▶ _INSTRUCTIONS FOR THE TASK_
Write back every line of the listing exactly, excluding images.

BEGIN

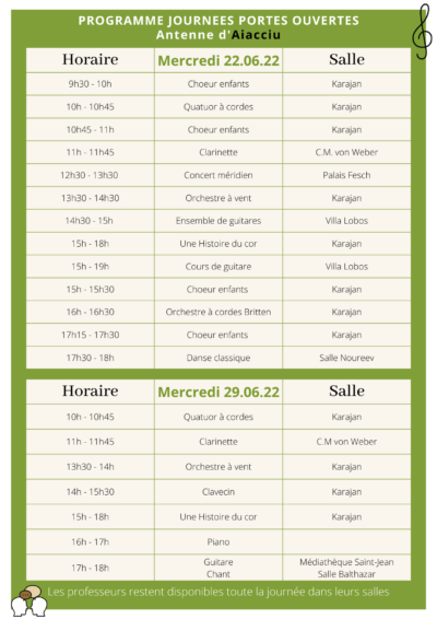 Les mercredis 22 et 29 juin 2022, de 9h30 à 18h, venez découvrir le Conservatoire de Corse Henri Tomasi à l’occasion de ses Journées Portes Ouvertes ! Découvertes instrumentales, mini-concert, échanges avec les professeurs... Venez nous rencontrer ! Plus d’infos en téléchargement et sur le site. |
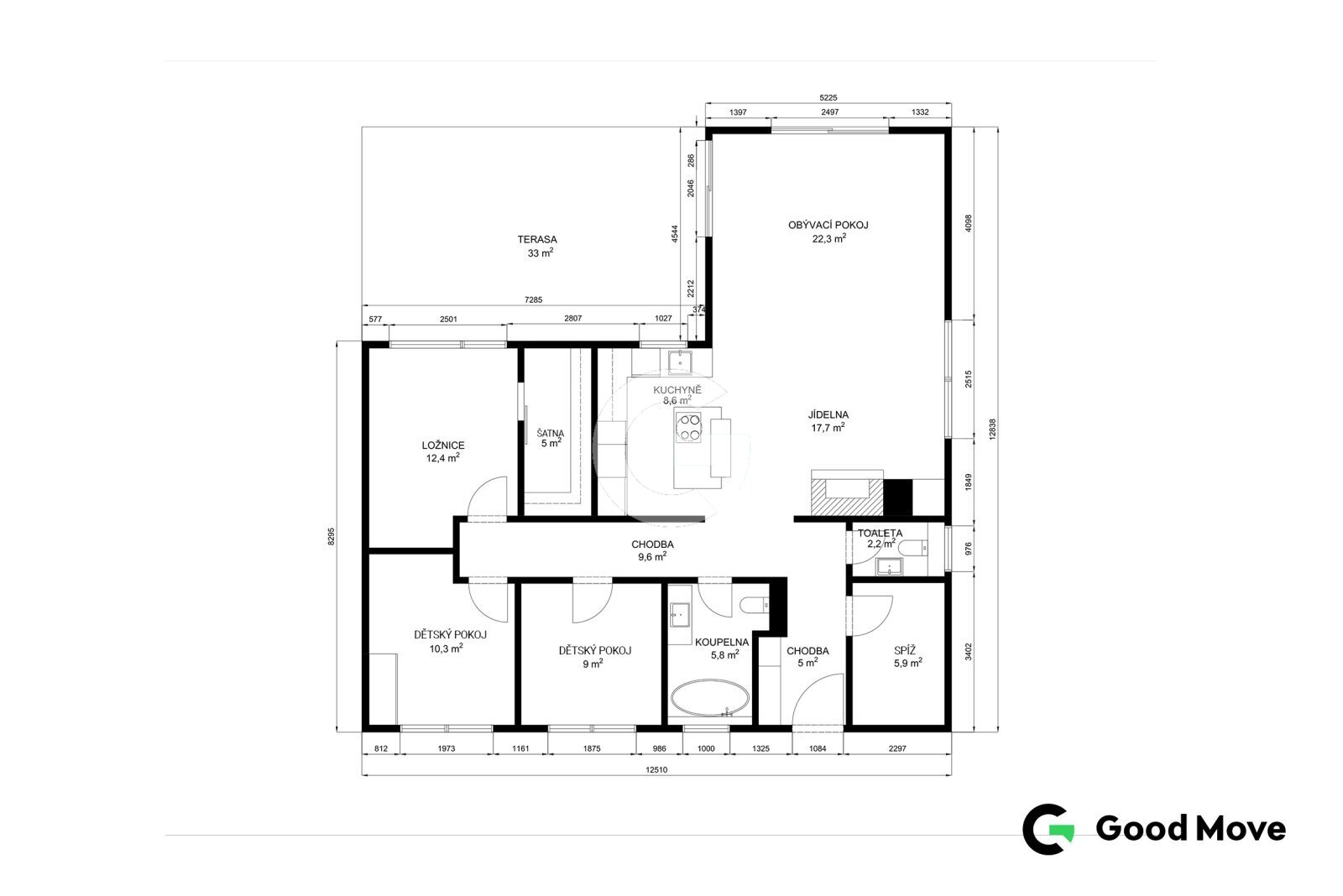 • jednou samostatnou toaletou a druhou, která je součástí koupelny
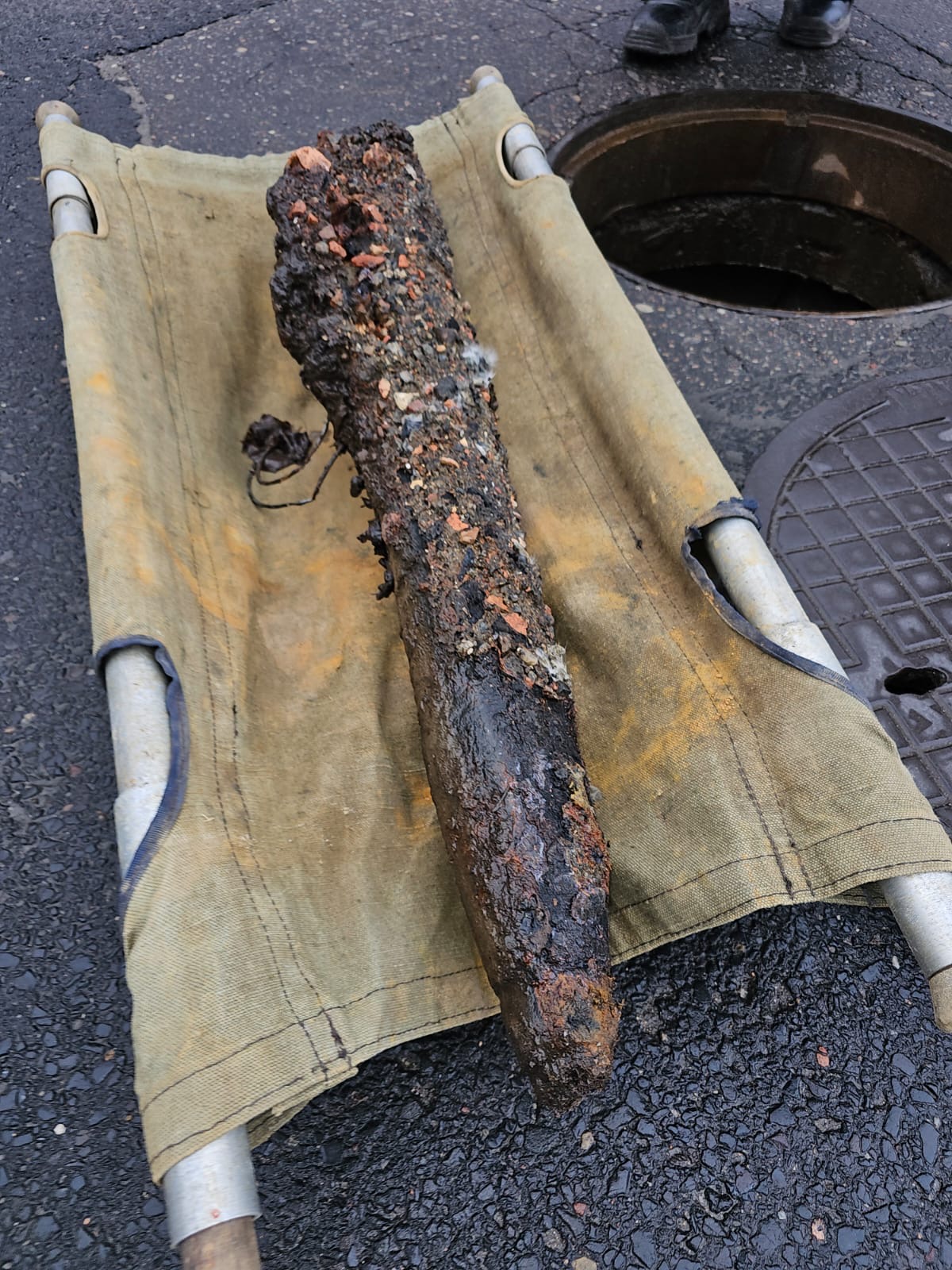 Niewybuch z czasów II wojny światowej znaleziono w kolektorze deszczowym w Gdańsku-Chełmie podczas jego czyszczenia. Obiekt został wykryty dzięki kamerze, która pozwala monitorować wnętrze rur, wykrywać uszkodzenia i zalegające osady bez konieczności ich rozkopywania. Tym razem natrafiono na nietypowe znalezisko, które uznano za potencjalnie niebezpieczne.
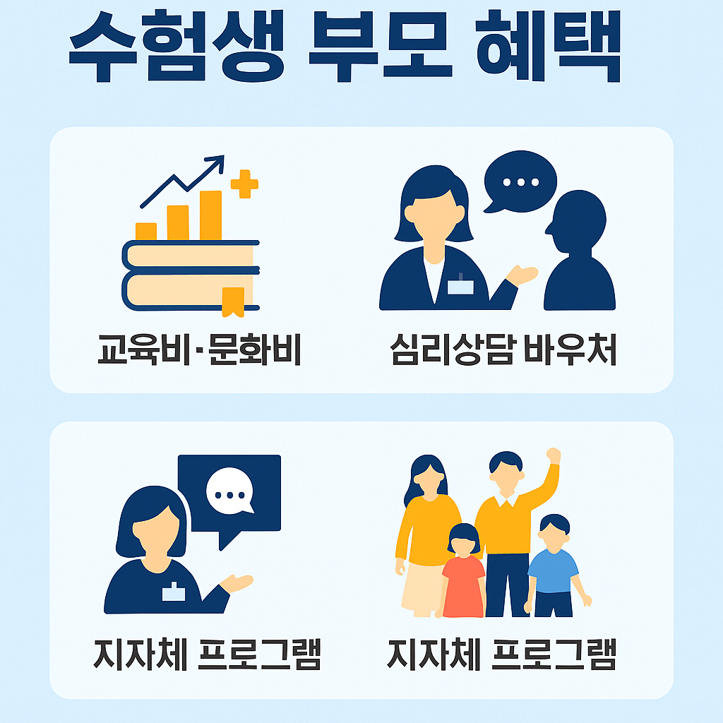 2025년 수능을 앞두고 수험생 가족이 받을 수 있는 정부·지자체 지원 혜택을 정리했습니다. 교육비·문화비, 심리상담 바우처, 지자체 프로그램에 알고 계신가요? 부모·가구 단위로 적용되는 교육비 지원, 상담·방과후 프로그램, 교통비·문화비 지원 등 꼭 필요한 정보만 모았습니다. 특히 2025년에는 학부모 부담 완화 정책이 강화될 예정이라 지금 확인하면 도움이 됩니다. 신청방법과 조회 링크도 함께 확인하세요.
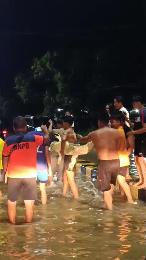 Buaya akhirnya berhasil diamankan dan dievakuasi oleh warga setempat. Kejadian ini menjadi perhatian di tengah kondisi banjir yang masih berlangsung.
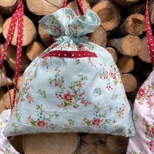 100% Baumwolle Beutel mit kleiner Tasche und hübschen Zugaband, sehr schön verarbeitet..
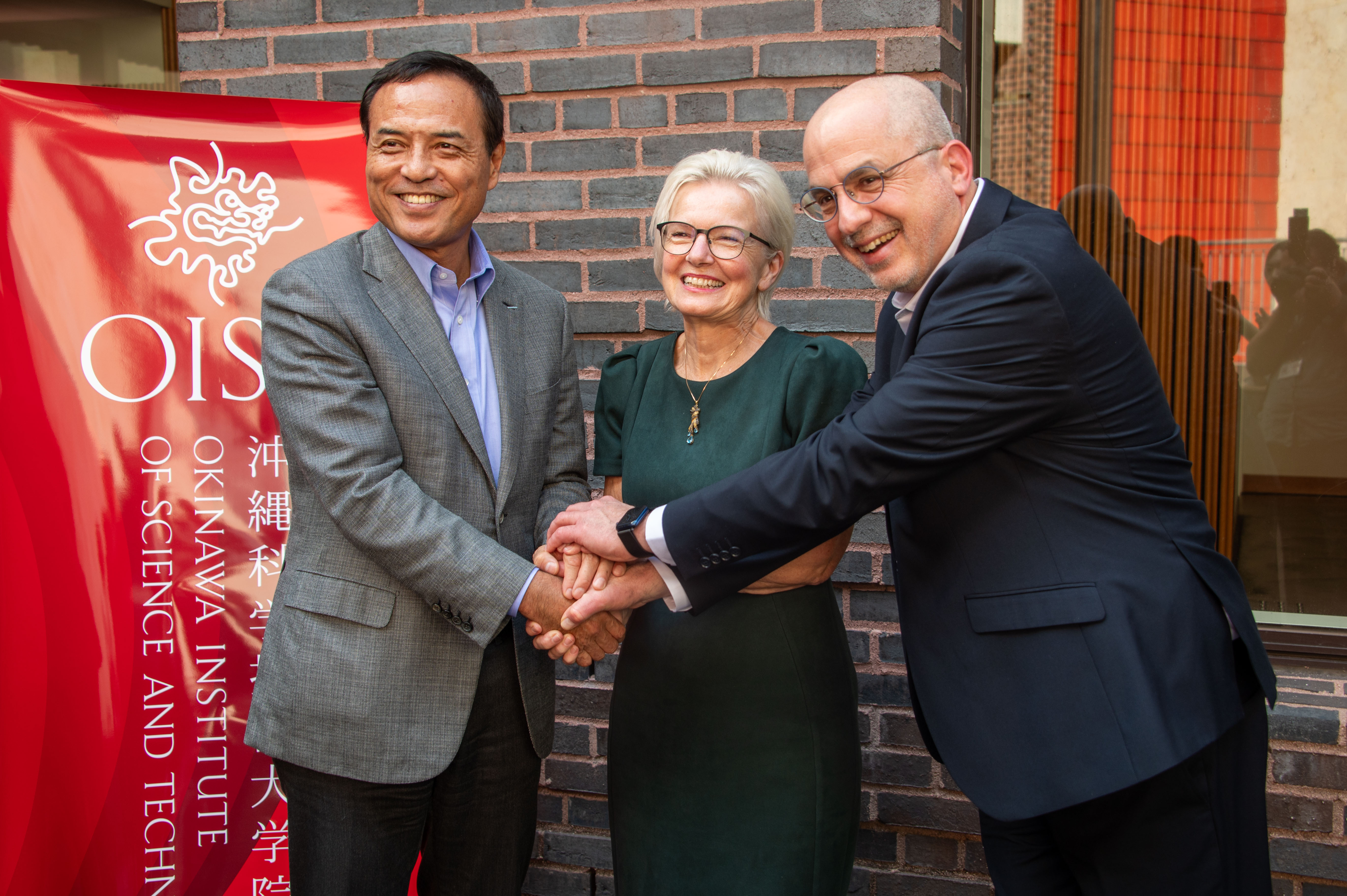 From left to right: Keizai Doyukai Chairperson Takeshi Niinami, OIST President & CEO Karin Markides, and Executive Vice President Gil Granot Mayer
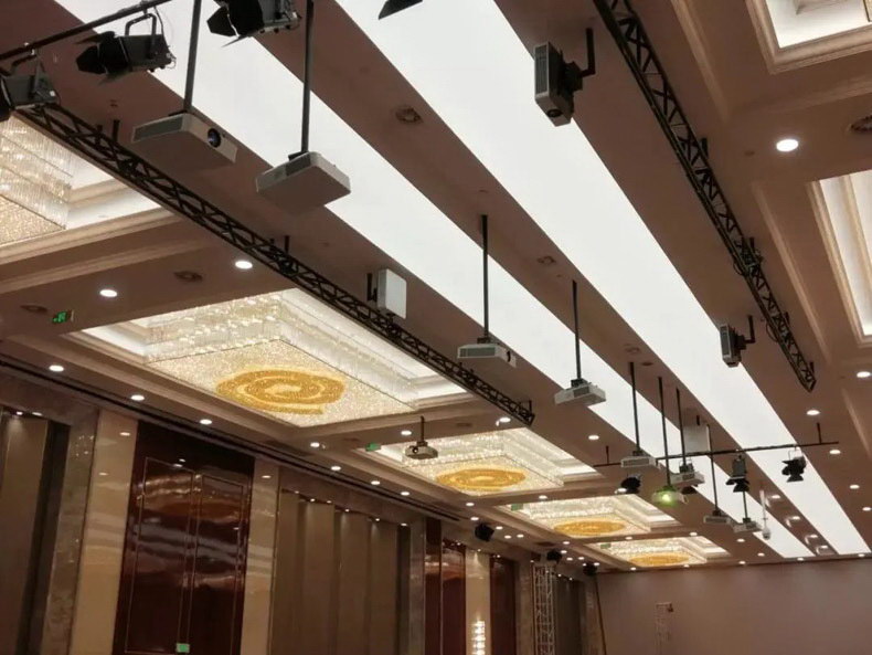 宴會(huì)大廳內(nèi)25*5米整體同步升降全息幕,滿足了展示5D全息宴會(huì)及傳統(tǒng)宴會(huì)的雙模式運(yùn)營(yíng)的需要,需要傳統(tǒng)宴會(huì),升上去;需要5D全息宴會(huì),降下來(lái),并能做到,傳統(tǒng)宴會(huì)與全息宴會(huì)的完美聯(lián)動(dòng),一個(gè)宴會(huì),兩種展示模式,就是這么任性。
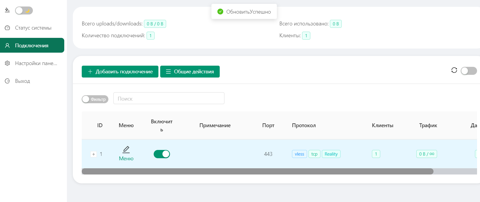 Также сервер спросит хотите ли вы заменить таблицу inbounds (она содержит данные о клиентах и конфигурациях прокси, по умолчанию пустая) - первый запуск скрипта заменяет пустую таблицу, последующий запуск заменит данные на дефолтную конфигурацию с Vless XTLS-Reality, порт 443.
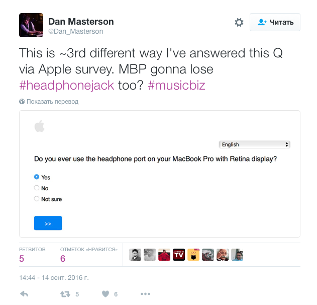 О том, что Apple проводит опрос, пользователи начали сообщать в Twitter. Согласно сообщениям в соцсети, калифорнийская компания спрашивает, использовали ли пользователи когда-нибудь аудио-разъем на MacBook Pro с Retina-дисплеем.
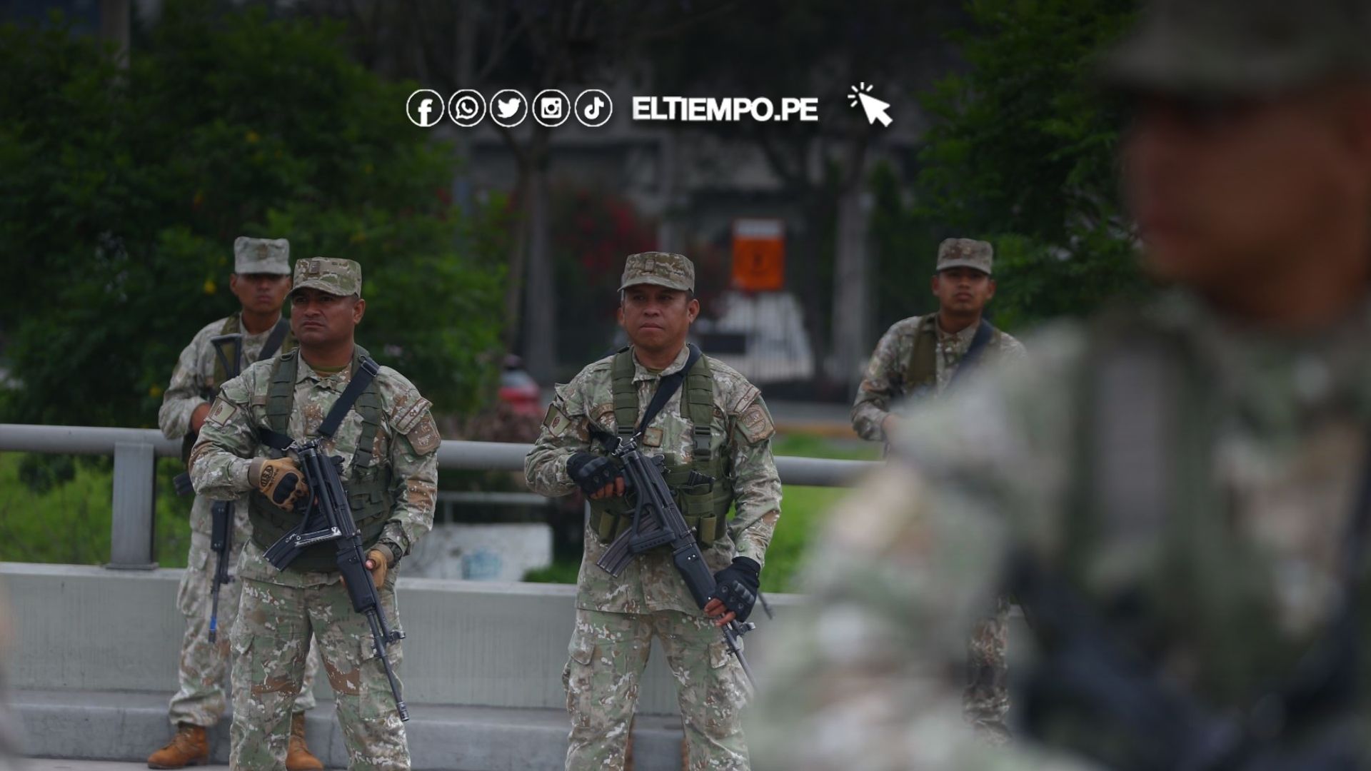 Desde primeras horas del día, los militares patrullan avenidas principales, estaciones del Metro de Lima, cruces de vías de alto tránsito y centros comerciales.
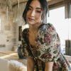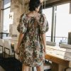 Square Neckline Back Tie Detail Short Puff Sleeves with Elastic Cuffs Empire Waistline Two Hand Pockets Non Stretch Material Lined Self: 90% Polyester, 10% Cotton; Lining: 100% Cotton Hand Wash Cold, Line Dry Model Info Height: 5’8″ Wearing Size: Small
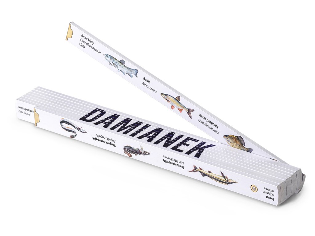 Rybářský metr 2 m s ilustracemi sladkovodních ryb slouží jako přesné ekologické měřidlo s osobním potiskem jména Damianek. Česká trvanlivá výroba garantuje dlouhou životnost. Originální personalizovaný dárek.
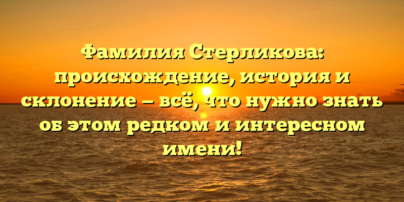 - Фамилия Стерликова: происхождение, история и склонение — полное руководство для любопытных и генеалогов!
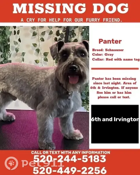 Panter is Gray. He has a red collar on with my info on it. He is well behaved and used to be home only . I cant imagine what he might be going through.. If you have him or have seen him please contact me my info is also on his collar
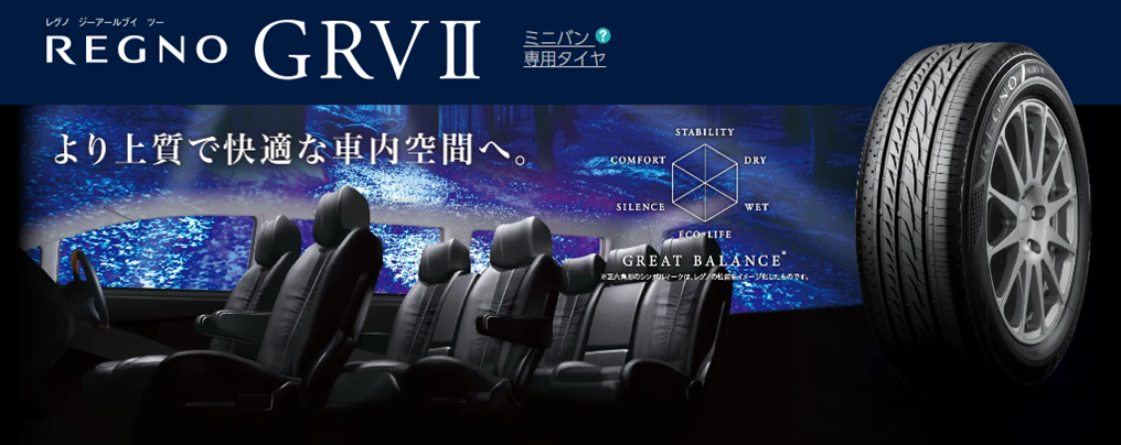 ブリヂストンのミニバン専用設計 『REGNO GRVⅡ』 より上質で快適な車内空間を実現できる サイレントテクノロジーを搭載! またミニバン特有のふらつきを低減し、 高次元の低燃費性能とウェット性能を両立したタイヤです。
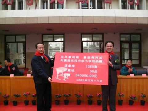 3 月 18 日 ,东风康明斯、襄樊弗列加联合向襄樊基地东风小学进行捐赠活动,东风康明斯总经理刘晓星,东风康明斯工会主席何永辉,襄樊弗列加工会主席、质量部部长王光顺等出席了捐赠仪式。

END

▶ _SOLUTION TO THIS EXERCISE_
 Les mercredis 22 et 29 juin 2022, de 9h30 à 18h, venez découvrir le Conservatoire de Corse Henri Tomasi à l’occasion de ses Journées Portes Ouvertes ! Découvertes instrumentales, mini-concert, échanges avec les professeurs... Venez nous rencontrer ! Plus d’infos en téléchargement et sur le site. |
 • jednou samostatnou toaletou a druhou, která je součástí koupelny
 Niewybuch z czasów II wojny światowej znaleziono w kolektorze deszczowym w Gdańsku-Chełmie podczas jego czyszczenia. Obiekt został wykryty dzięki kamerze, która pozwala monitorować wnętrze rur, wykrywać uszkodzenia i zalegające osady bez konieczności ich rozkopywania. Tym razem natrafiono na nietypowe znalezisko, które uznano za potencjalnie niebezpieczne.
 2025년 수능을 앞두고 수험생 가족이 받을 수 있는 정부·지자체 지원 혜택을 정리했습니다. 교육비·문화비, 심리상담 바우처, 지자체 프로그램에 알고 계신가요? 부모·가구 단위로 적용되는 교육비 지원, 상담·방과후 프로그램, 교통비·문화비 지원 등 꼭 필요한 정보만 모았습니다. 특히 2025년에는 학부모 부담 완화 정책이 강화될 예정이라 지금 확인하면 도움이 됩니다. 신청방법과 조회 링크도 함께 확인하세요.
 Buaya akhirnya berhasil diamankan dan dievakuasi oleh warga setempat. Kejadian ini menjadi perhatian di tengah kondisi banjir yang masih berlangsung.
 100% Baumwolle Beutel mit kleiner Tasche und hübschen Zugaband, sehr schön verarbeitet..
 From left to right: Keizai Doyukai Chairperson Takeshi Niinami, OIST President & CEO Karin Markides, and Executive Vice President Gil Granot Mayer
 宴會(huì)大廳內(nèi)25*5米整體同步升降全息幕,滿足了展示5D全息宴會(huì)及傳統(tǒng)宴會(huì)的雙模式運(yùn)營(yíng)的需要,需要傳統(tǒng)宴會(huì),升上去;需要5D全息宴會(huì),降下來(lái),并能做到,傳統(tǒng)宴會(huì)與全息宴會(huì)的完美聯(lián)動(dòng),一個(gè)宴會(huì),兩種展示模式,就是這么任性。
 Также сервер спросит хотите ли вы заменить таблицу inbounds (она содержит данные о клиентах и конфигурациях прокси, по умолчанию пустая) - первый запуск скрипта заменяет пустую таблицу, последующий запуск заменит данные на дефолтную конфигурацию с Vless XTLS-Reality, порт 443.
 О том, что Apple проводит опрос, пользователи начали сообщать в Twitter. Согласно сообщениям в соцсети, калифорнийская компания спрашивает, использовали ли пользователи когда-нибудь аудио-разъем на MacBook Pro с Retina-дисплеем.
 Desde primeras horas del día, los militares patrullan avenidas principales, estaciones del Metro de Lima, cruces de vías de alto tránsito y centros comerciales.
 Square Neckline Back Tie Detail Short Puff Sleeves with Elastic Cuffs Empire Waistline Two Hand Pockets Non Stretch Material Lined Self: 90% Polyester, 10% Cotton; Lining: 100% Cotton Hand Wash Cold, Line Dry Model Info Height: 5’8″ Wearing Size: Small
 Rybářský metr 2 m s ilustracemi sladkovodních ryb slouží jako přesné ekologické měřidlo s osobním potiskem jména Damianek. Česká trvanlivá výroba garantuje dlouhou životnost. Originální personalizovaný dárek.
 - Фамилия Стерликова: происхождение, история и склонение — полное руководство для любопытных и генеалогов!
 Panter is Gray. He has a red collar on with my info on it. He is well behaved and used to be home only . I cant imagine what he might be going through.. If you have him or have seen him please contact me my info is also on his collar
 ブリヂストンのミニバン専用設計 『REGNO GRVⅡ』 より上質で快適な車内空間を実現できる サイレントテクノロジーを搭載! またミニバン特有のふらつきを低減し、 高次元の低燃費性能とウェット性能を両立したタイヤです。
 3 月 18 日 ,东风康明斯、襄樊弗列加联合向襄樊基地东风小学进行捐赠活动,东风康明斯总经理刘晓星,东风康明斯工会主席何永辉,襄樊弗列加工会主席、质量部部长王光顺等出席了捐赠仪式。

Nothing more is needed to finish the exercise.